Please reproduce, exactly as given, the lines running from the start of the data to the line containing "Vestido de fiesta", inclusive, and omit the pictures.

---

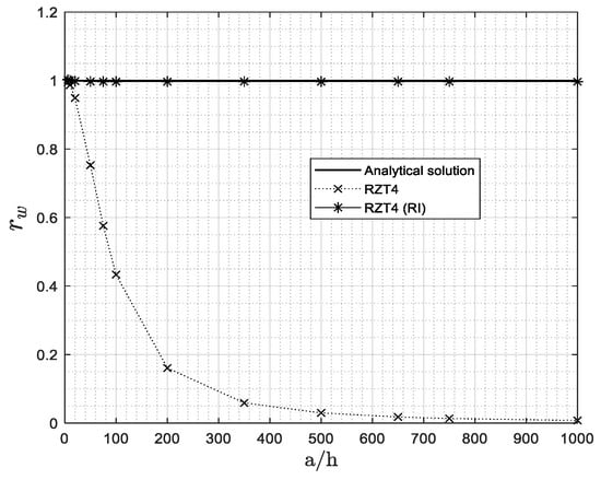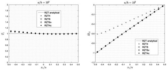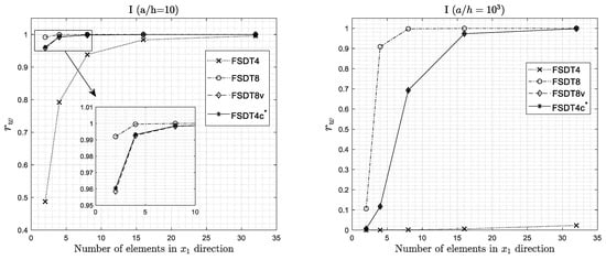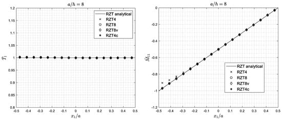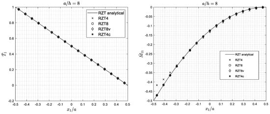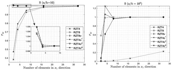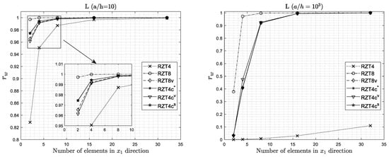 Tessler and Dong [], for the Timoshenko beam element, identified the reason of shear-locking effect in the Kirchhoff constraints of the shear strain measure for very thin structures. As a possible solution, they proposed to use the anisoparametric interpolation, where the deflection w is approximated by a polynomial with one order of degree higher than the others used for the remaining kinematic variable (bending rotation, θ). These elements, named Virgin elements by Tessler and Dong [], have one extra node in the middle beam point having only the w-dof. This approach has been extensively used to formulate C0 beam elements based on the RZT in Gherlone et al. [] and Di Sciuva et al. []. When the anisotropic interpolation scheme is applied to quadrilateral plate elements, the shape functions are bilinear for all kinematic variables except for the transverse displacement, for which the 8-node serendipity shape functions are used, i.e., the extra node in the middle point of each edges have only the w-dof (see, Table 1 and Figure 4). This plate element is named RZT8v (v stands for virgin) in Table 1: It is an RZT4 plate element for the six kinematic variables (u1, u2, θ1, θ2, ψ1, ψ2) and an RZT8 plate element for the transverse displacement, w. Therefore, the shape function matrices for the RZT8v element read (see Table 1)
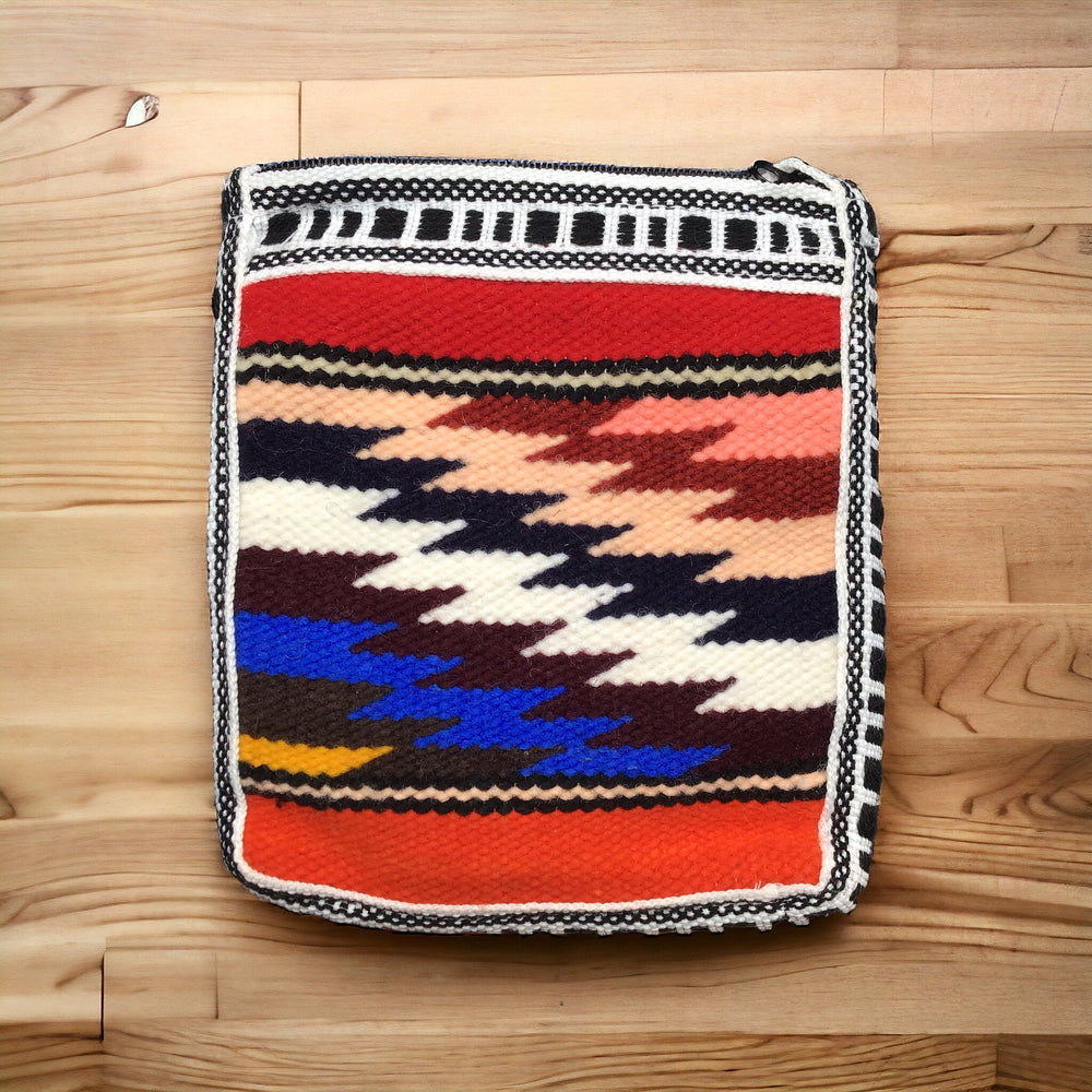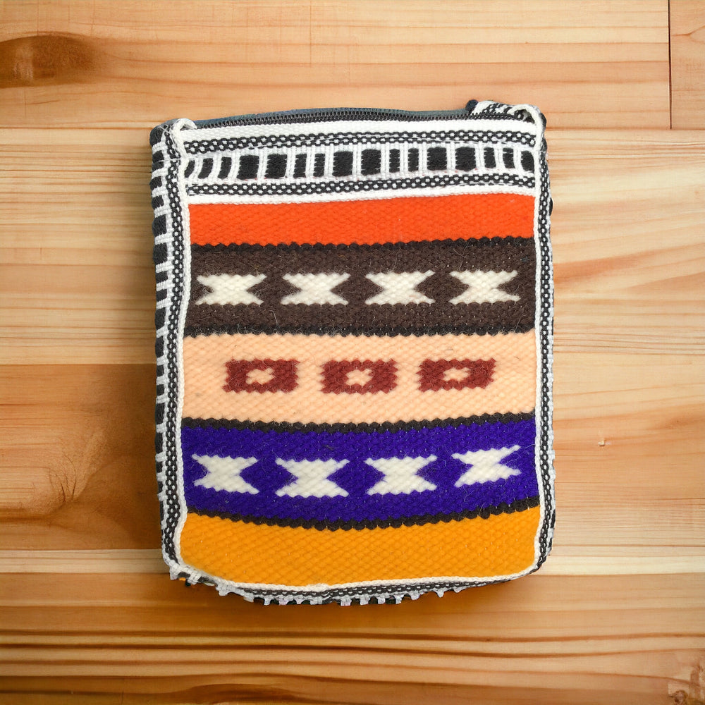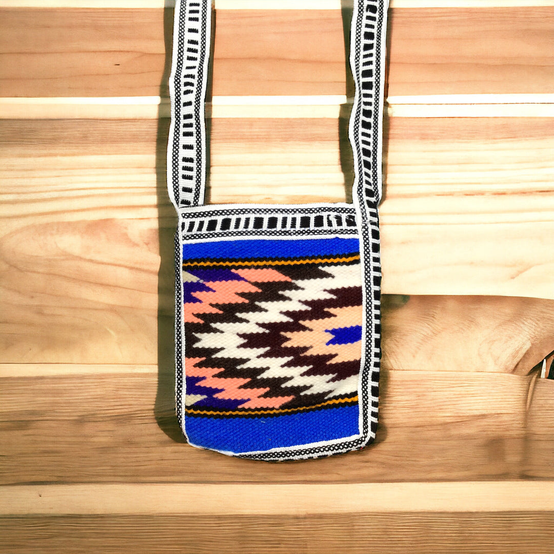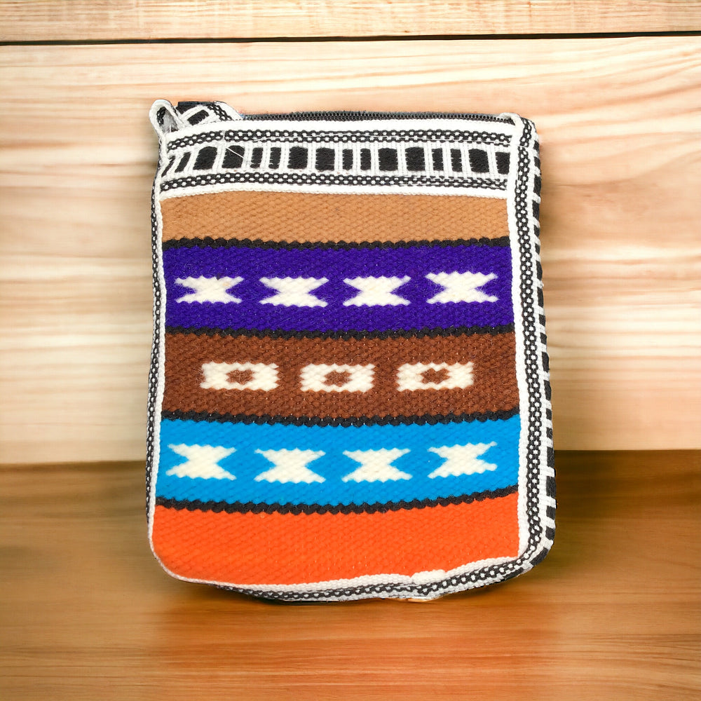 Introducing our exquisite handmade crossbody bag, featuring a vibrant tribal pattern that adds a pop of color to any outfit. This stylish accessory measures 4.5 by 5.5 inches, making it the perfect size to carry your essentials while on the go.
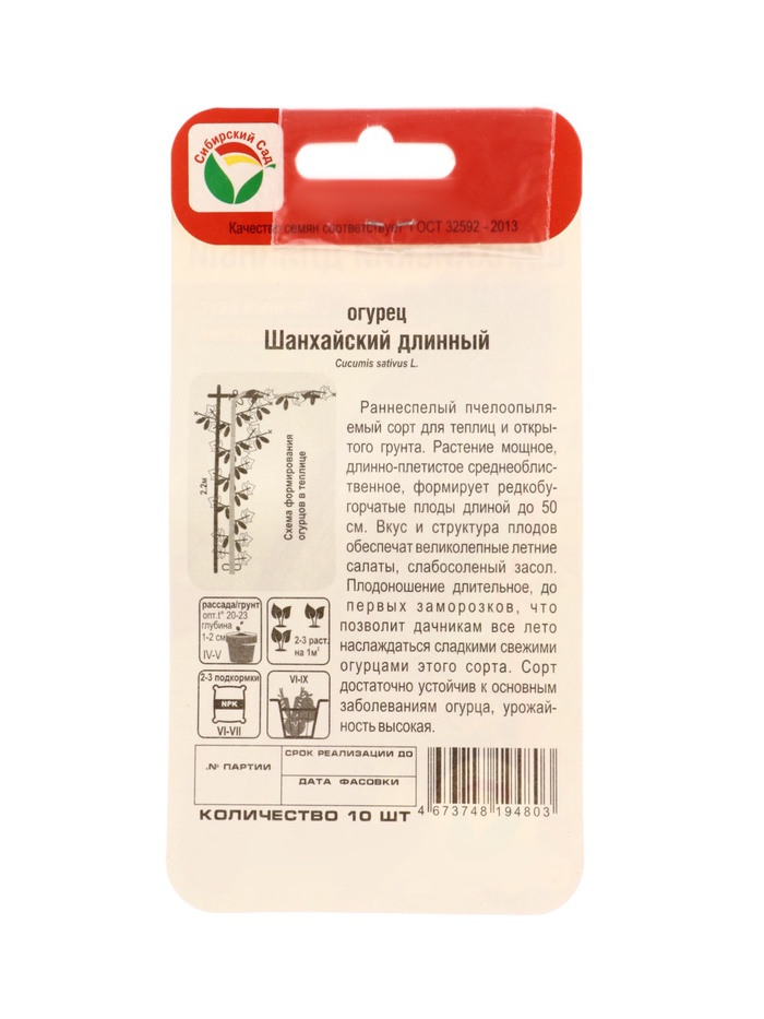 Семена Огурец Шанхайский длинный 10 шт. — Характеристики
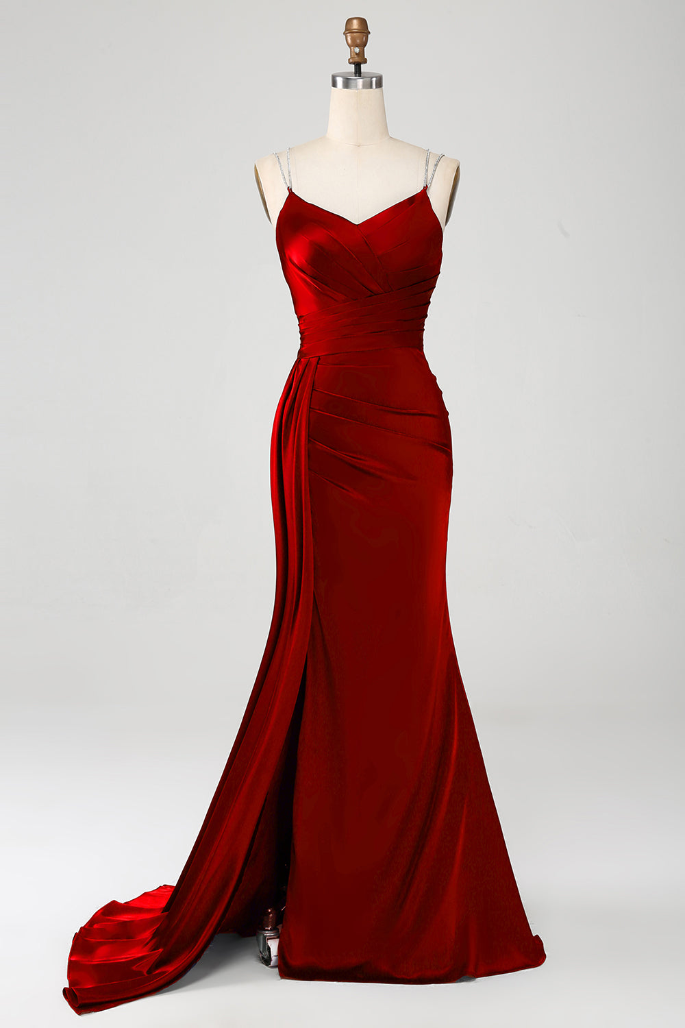 Vestido de fiesta largo largo de corsé largo con correas de espagueti de sirena azul marino con abertura
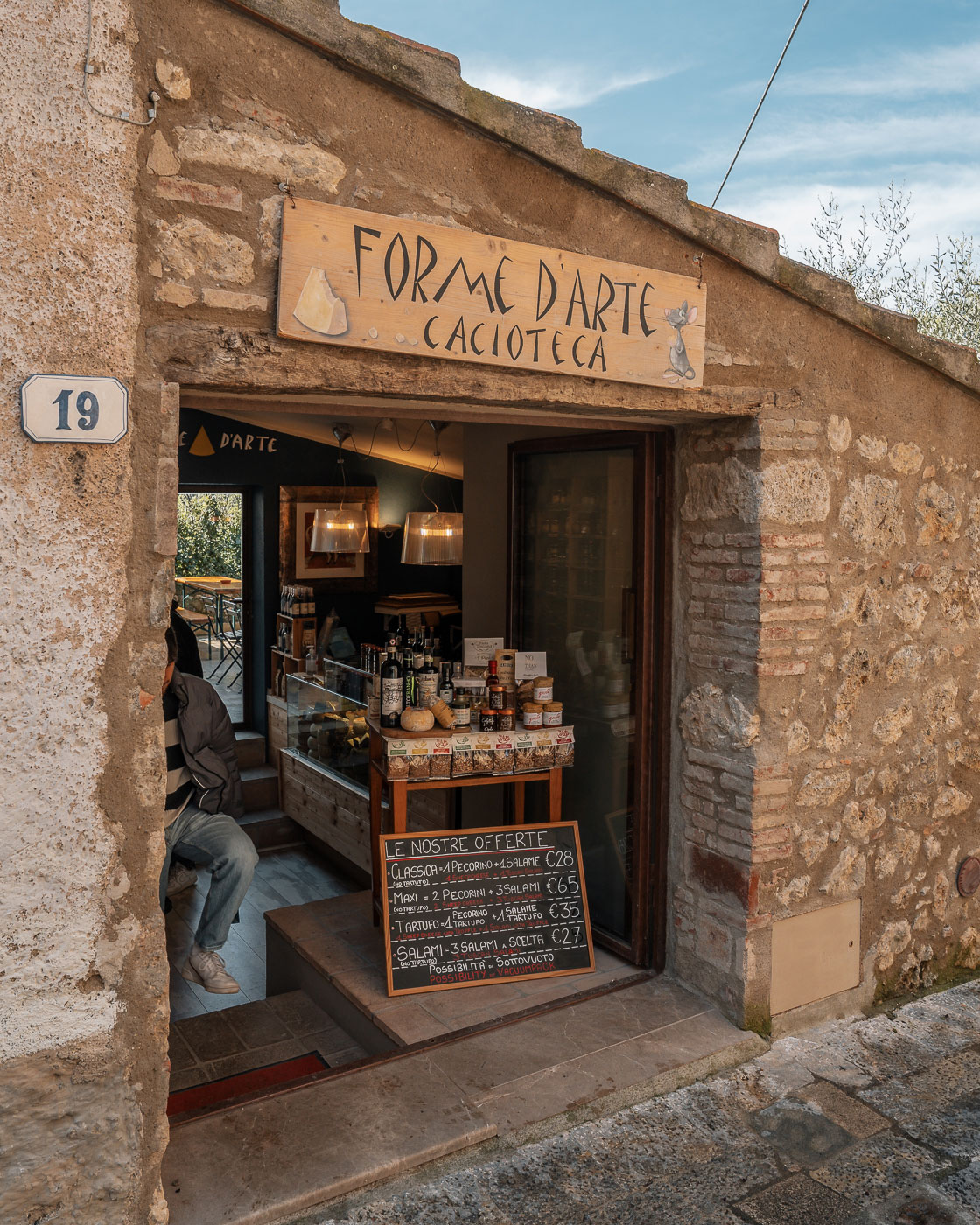 Wir müssen nicht erst Google Maps befragen, wo die Metzgerei und der Imbiss von Dario sich befinden. Genau da, wo viele Menschen sind. Natürlich bekommen wir im Restaurant „Officina“ – zu Deutsch Werkstatt – keinen Platz. An die Metzgerei grenzt eine Art Fanshop an, in dem der Chef persönlich für Fotos gegen Gebühr bereitsteht. Wir gehen zum Imbiss, ich wähle ein Panino con pastramino e senape. Wir bekommen einen Appetizer zum Probieren eines anderen Gerichts. Danach folgt mein Panino. Es ist göttlich.

---

[Written response]
 Tessler and Dong [], for the Timoshenko beam element, identified the reason of shear-locking effect in the Kirchhoff constraints of the shear strain measure for very thin structures. As a possible solution, they proposed to use the anisoparametric interpolation, where the deflection w is approximated by a polynomial with one order of degree higher than the others used for the remaining kinematic variable (bending rotation, θ). These elements, named Virgin elements by Tessler and Dong [], have one extra node in the middle beam point having only the w-dof. This approach has been extensively used to formulate C0 beam elements based on the RZT in Gherlone et al. [] and Di Sciuva et al. []. When the anisotropic interpolation scheme is applied to quadrilateral plate elements, the shape functions are bilinear for all kinematic variables except for the transverse displacement, for which the 8-node serendipity shape functions are used, i.e., the extra node in the middle point of each edges have only the w-dof (see, Table 1 and Figure 4). This plate element is named RZT8v (v stands for virgin) in Table 1: It is an RZT4 plate element for the six kinematic variables (u1, u2, θ1, θ2, ψ1, ψ2) and an RZT8 plate element for the transverse displacement, w. Therefore, the shape function matrices for the RZT8v element read (see Table 1)
 Introducing our exquisite handmade crossbody bag, featuring a vibrant tribal pattern that adds a pop of color to any outfit. This stylish accessory measures 4.5 by 5.5 inches, making it the perfect size to carry your essentials while on the go.
 Семена Огурец Шанхайский длинный 10 шт. — Характеристики
 Vestido de fiesta largo largo de corsé largo con correas de espagueti de sirena azul marino con abertura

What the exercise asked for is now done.